Mar Mikhaël (Arabic: مار ميخائيل, Lebanese pronunciation: مار مخايل) is a residential and commercial neighborhood (sector 75) in the Medawar district of Beirut, Lebanon. It is a fashionable area with cafes, restaurants, art galleries, bakeries and shops. The neighborhood is named after the Maronite Catholic Church of St. Michael, which is located on Rue Pharoun.

==Location==
The neighborhood lies north and south of Charles Helou, the maritime highway that separates the neighborhood from the Port of Beirut area, north of the Geitaoui neighborhood, east of Gemmayzeh, and west of the Pierre Gemayel Highway and the Beirut River. The neighborhood is considered a natural extension of the Gemmayzeh neighborhood, and its main thoroughfare Rue Arménie, is a continuation of Gemmayzeh's Rue Gouraud, the east-west axis that connects Beirut Central District to the eastern suburb of Bourj Hammoud.

==Development==
After the rebuilding of Beirut Central District created and the emergence of Gemmayzeh and its Rue Gouraud as the hub of nightlife in Beirut, Mar Mikhaël was the natural next step in the gentrification of the neighborhoods adjacent to the Centre Ville. Since 2010, Mar Mikhaël has emerged as one of the most fashionable in Beirut, with many trendy boutiques, art galleries, antique furniture stores having opened in the area.
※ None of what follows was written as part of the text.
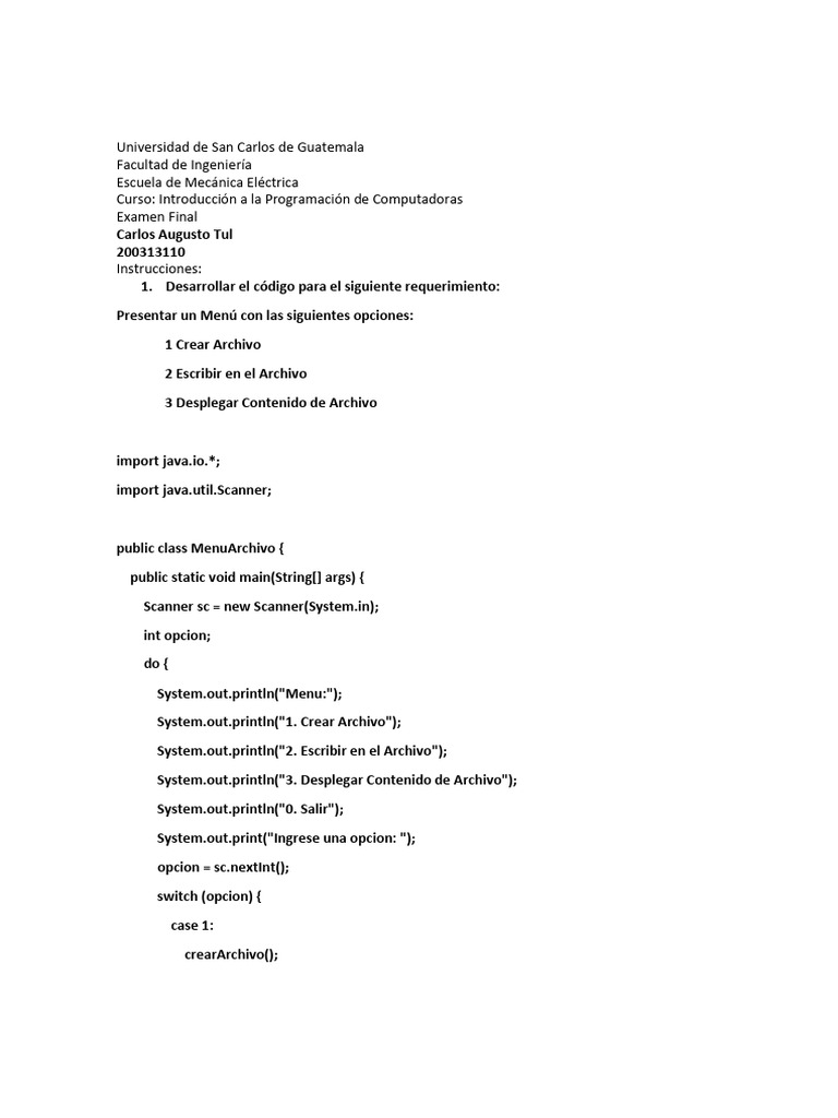 Menú de Gestión de Archivos en Java | PDF | Informática

In addition, many bars, restaurants and cafés have quickly replaced hardware shops, car parts and furniture stores, becoming a "hotspot for Beirut party-goers". By 2014, Mar Mikhaël had become a new hub for art and creativity, diminishing slightly in 2014–2015 with the re-emergence of Badaro, but remaining a popular destination in Beirut for dining and nightlife.